Microsoft has been selected for its US2QC programme (Underexplored Systems for Utility-Scale Quantum Computing). This aims to fast-track the development of a fault-tolerant quantum computer within a few years. Such backing shows growing belief in the potential of Microsoft’s Majorana-based architecture.
If successful, it could make quantum supercomputing advancements truly practical and commercially viable.
Real-world potential
The future applications of stable, large-scale quantum computers are wide-ranging.
They could revolutionise drug discovery, materials science, cryptography, and supply chain optimisation. Microsoft envisions the development of self-healing materials and breakthroughs in sustainable farming.
By focusing on quality over quantity, Microsoft’s Majorana approach hopes to leapfrog rivals.
While others chase more qubits, Microsoft is building a system that simply works better.
The cautious view
Despite the excitement, experts remain cautious. Quantum computing has seen many bold claims fall short.

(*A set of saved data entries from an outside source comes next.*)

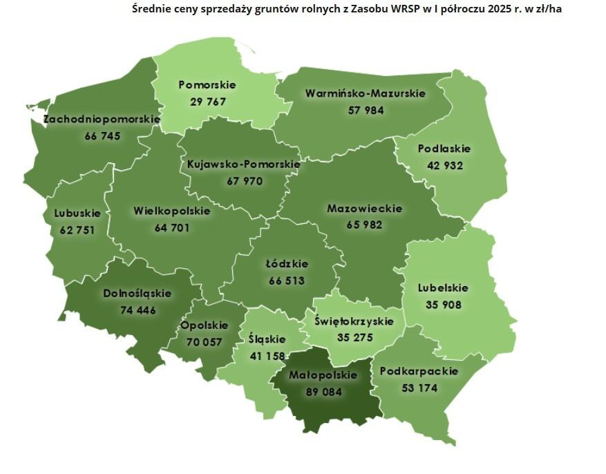Ceny gruntów rolnych mocno różnią się w zależności od województwa. W Małopolsce, Dolnym Śląsku i Opolskiem hektar kosztuje średnio od 70 do nawet 90 tys. zł. W Wielkopolsce, na Mazowszu czy w Zachodniopomorskiem ceny oscylują wokół 65-67 tys. zł. W Lubuskiem i na Warmii i Mazurach hektar ziemi to wydatek rzędu 58-63 tys. zł. Najtańsze są grunty w północnej Polsce - w woj. kujawsko-pomorskim i pomorskim średnia cena wynosi niespełna 30 tys. zł za ha. W Podlaskiem trzeba zapłacić ok. 43 tys. zł, a w Podkarpaciu nieco ponad 53 tys. zł.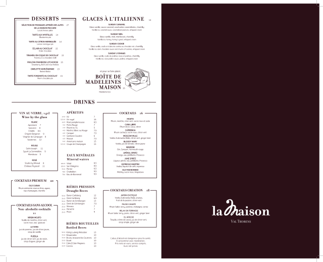 10/10This restaurant was far better than it looked in all respects just looking at it from the outside. It was a great venue for a special meal and the serving staff were charming if not all of them were that fluent in English. Every dish was easily as good if not delightfully superior than one might expect from an apres ski venue in such a touristy spot. We ate at more traditional “Savoyard” type establishments in Val Thorens which were dull and no better than they should have been. This was all the more refreshing as a result. We nearly skipped the desert menu but were so glad that we didn’t when we all shared three knock out deserts. Especially memorable was the refined Raspberry, Lychee and Rose essence infused Pavlova and of course the beautifully presented Baked Alaska served with flamed brandy. The clientele were as charming and as well turned out as the many agreeable looking waiters and waitresses. Bill was €92 a head for a full three course meal with 2 bottles of Macon Chardonay.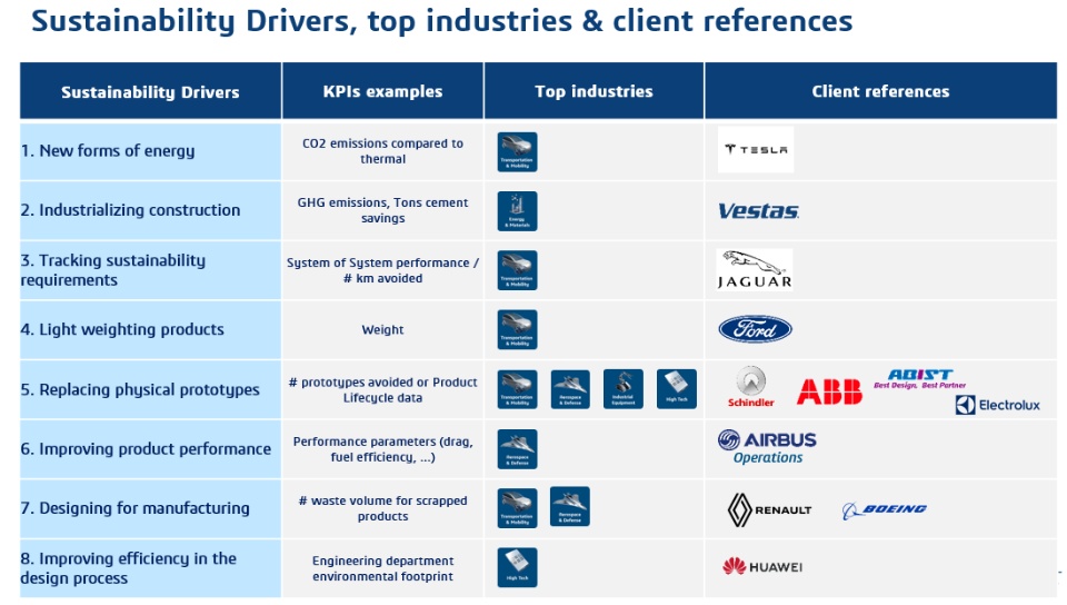 In context of the EU taxonomy for sustainable activities, we worked on key sustainability drivers and use cases to evaluate CATIA impact in sustainable design at our major clients.

Microsoft’s evidence for Majorana particles is promising—but it needs independent verification.
The chip does not yet power a working quantum computer. That step is still ahead. The next goal is to build a topological qubit that performs better than today’s alternatives. Quantum processor development remains a work in progress. Microsoft knows this is just the beginning.

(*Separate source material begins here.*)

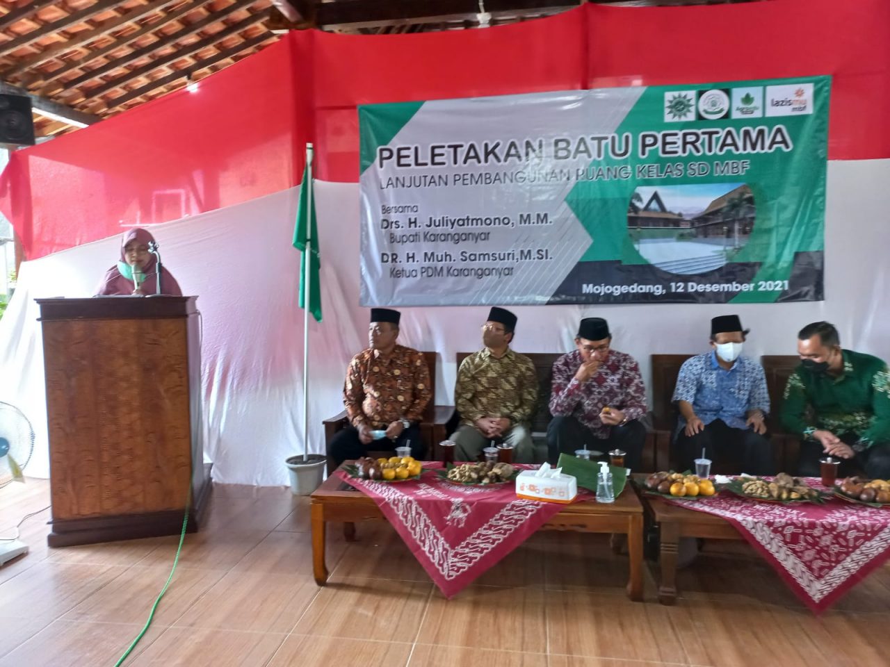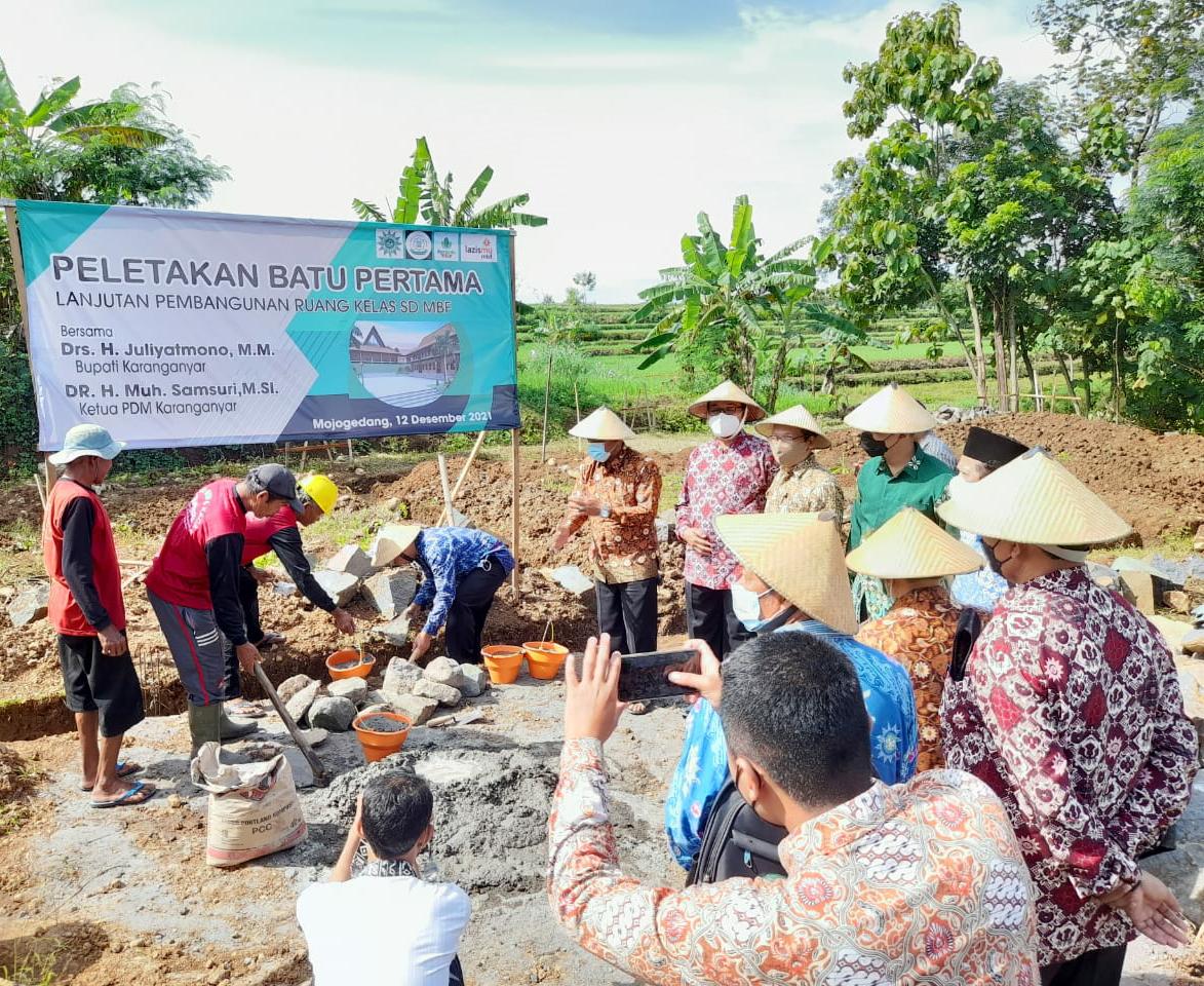 Muh Samsuri selaku Ketua PDM Karanganyar hadir dalam prosesi peletakan batu pertama pembangunan ruang kelas MBF juga memberikan apresiasi dan semangat kepada kepala sekolah maupun tenaga pendidik MBF.

As Dr Charlie Marcus, a lead researcher, explained, this step lays the foundation—but more work remains. Moving from lab proof to practical hardware will take time and global collaboration.
UK and global momentum
Governments around the world are betting big on quantum tech. The UK government has pledged over £2.5 billion towards quantum research in the next decade. This push includes funding for partnerships with private firms and universities. With breakthroughs like Majorana 1, Microsoft’s Majorana project is likely to play a key role in shaping this global future.

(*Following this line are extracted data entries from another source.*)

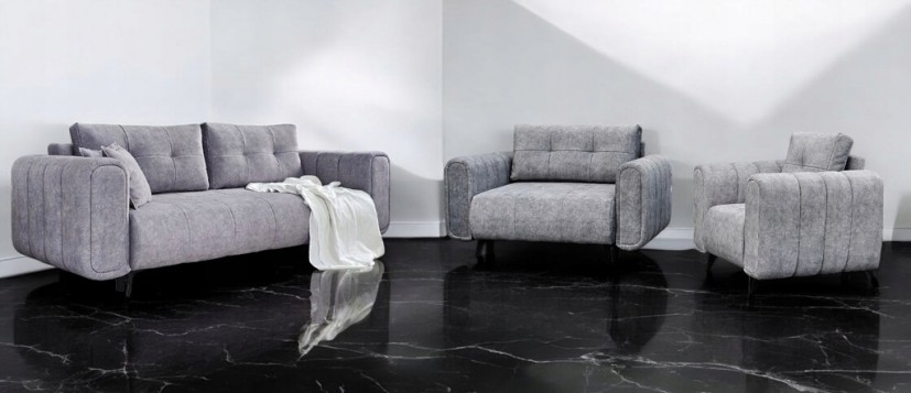 ZESTAW MEBLI WYPOCZYNKOWYCH LEXI to nowoczesny i elegancki mebel, który jest solidnie wykonany co daje większy komfort użytkowania i wygodę! Posiada on wyjątkowo charakterystyczny wygląd poprzez pikowania na oparciu i przeszycia na bokach . Każdy detal i szczegół mebla jest tak dopracowany, aby nasz mebel cieszył Państwa jak najdłużej.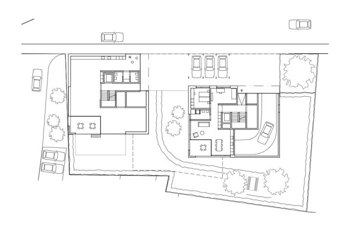 平面图、交通基础设施和物质化都考虑到了适合年龄的生活。两个体量都呈现出一个带有楼梯和宽敞电梯的核心结构。公寓的起居室和用餐区有三面照明,以及两面的凉亭,从上层可以看到湖景。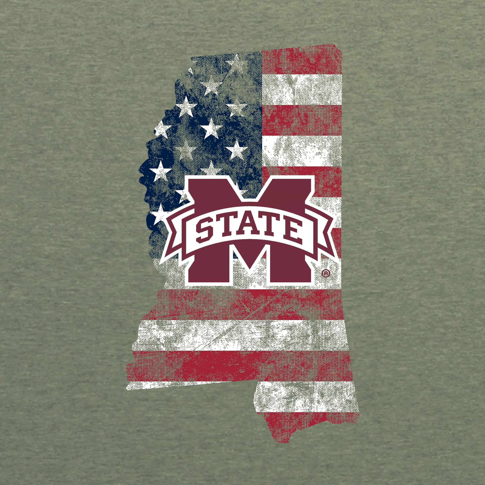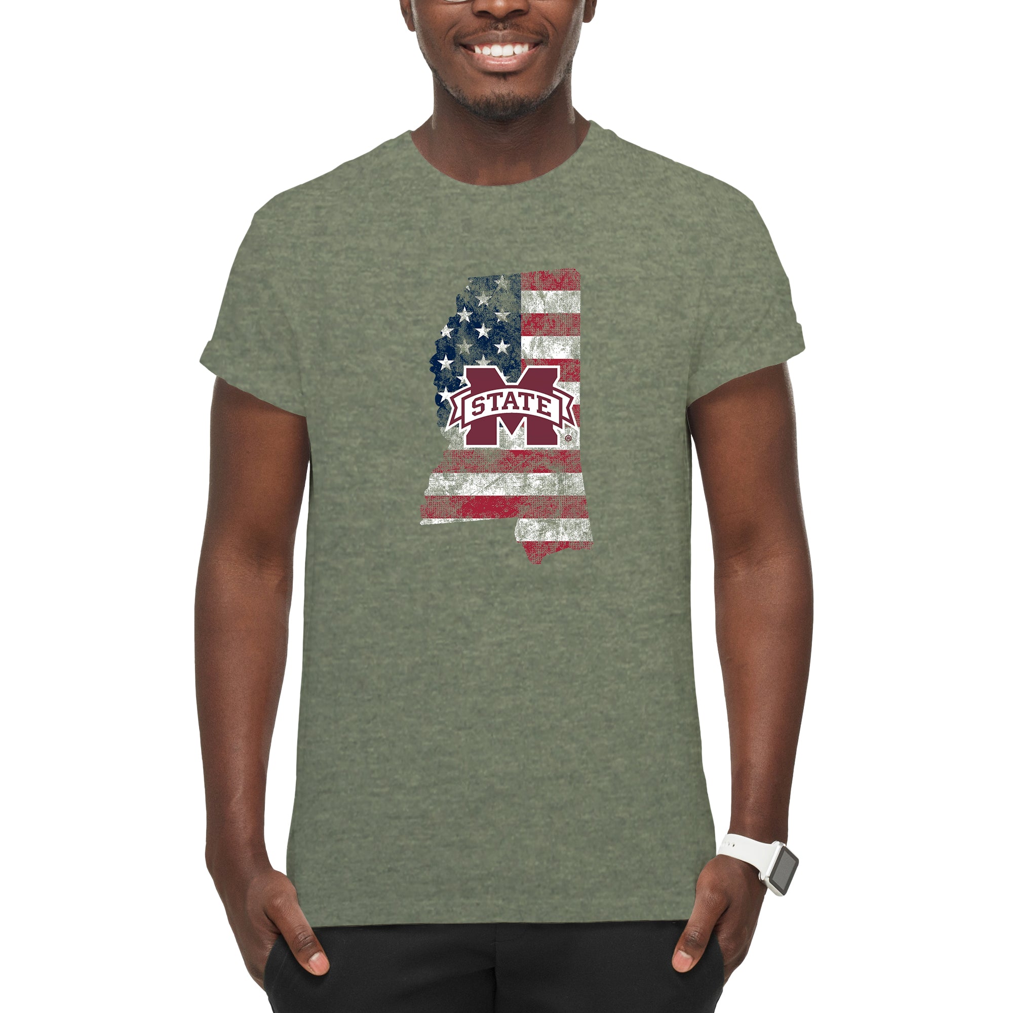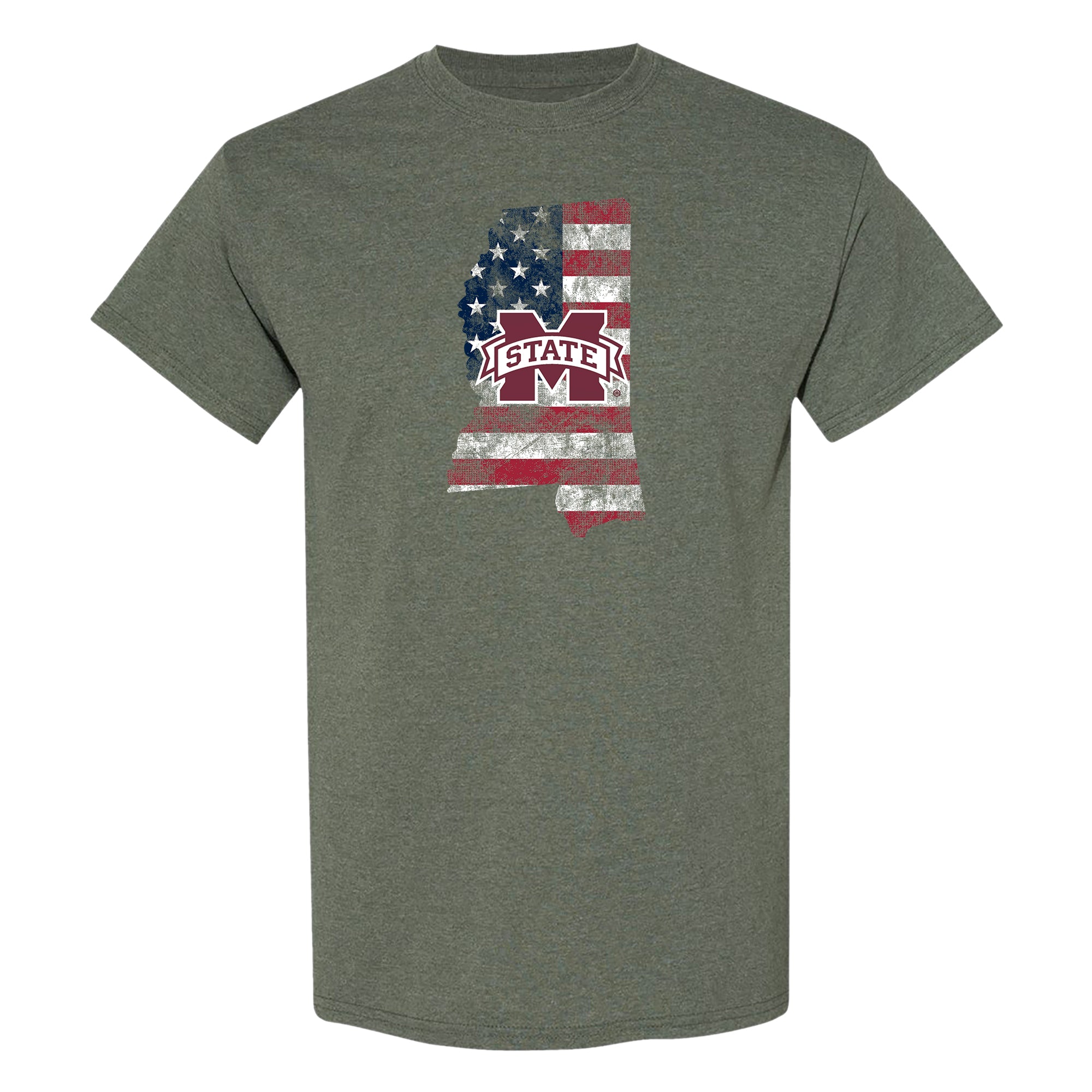 Mississippi State Patriotic State Silhouette T-Shirt - Heather Military

Its focus on topological qubits positions it uniquely in the competitive quantum landscape.
Distilled
Quantum computing promises to transform industries, economies, and science. But this transformation will not happen overnight. Microsoft’s Majorana 1 chip is a hopeful sign that the quantum computing breakthrough is within reach. The discovery of Majorana zero modes moves the field beyond theory. It shows that stable, scalable quantum processor development is possible in thought experiments and hardware.
As more research validates these findings, we may look back to 2025, which was the year quantum supercomputing advancements truly turned a corner.